Her last major act has been helping secure a $125,000 State of Illinois Library grant to help pay for a much-needed tuck pointing of the building’s exterior and roof and gutter repairs. Those could be completed by the end of the calendar year.

When she’s not spending her newfound free times reading and quilting, Ambrose plans to do some traveling, starting with a visit to her son in Denver this October.

“I have loved working here, that’s what makes this so hard,” Ambrose said. “I will miss the people most, I think, the patrons.
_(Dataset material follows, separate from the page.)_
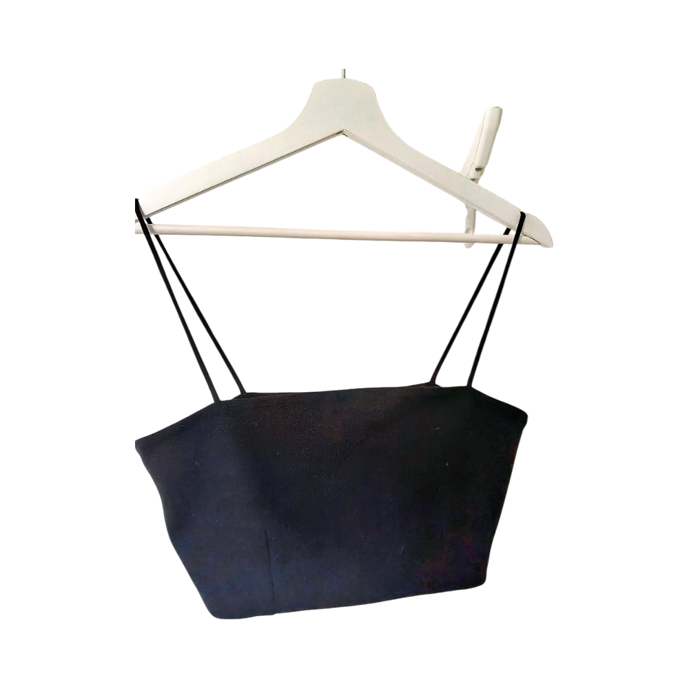 Musta hihaton toppi ohuilla olkaimilla, siisti malli.
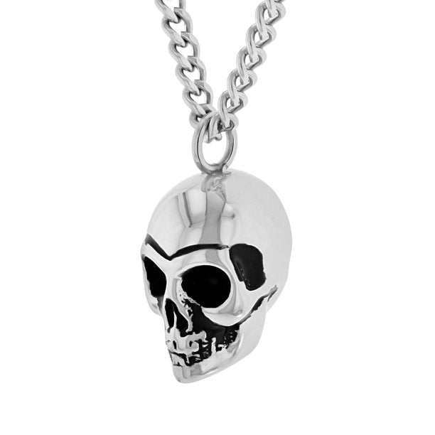 Mens Polished Stainless Steel Solid Human Skull Pendant Necklace

I’ve made a lot of friends, and the staff, who I consider friends, too.

“I’ve been thinking about it for a while and kept putting it off, but now, I’m getting tired and it’s time … And I know Heide is going to do a good job.”

Trettenero, who grew up in Big Rock, came the library much the same was as Ambrose, moving into town when her husband transferred for work, becoming a regular visitor with her four children and then seven years ago starting a part time employee when they were back in school.

She realizes that she will be following in her new post a true friend of the people and she hopes to maintain the high standards Ambrose has set.

“Because we live within walking distance, my kids grew up with Jan the last 16 years, two of them she’s known since birth, so I know we will all miss her very much,” Trettenero said. “I’m a little nervous, a little excited too, but Jan’s been a great teacher and we will all miss her dearly.”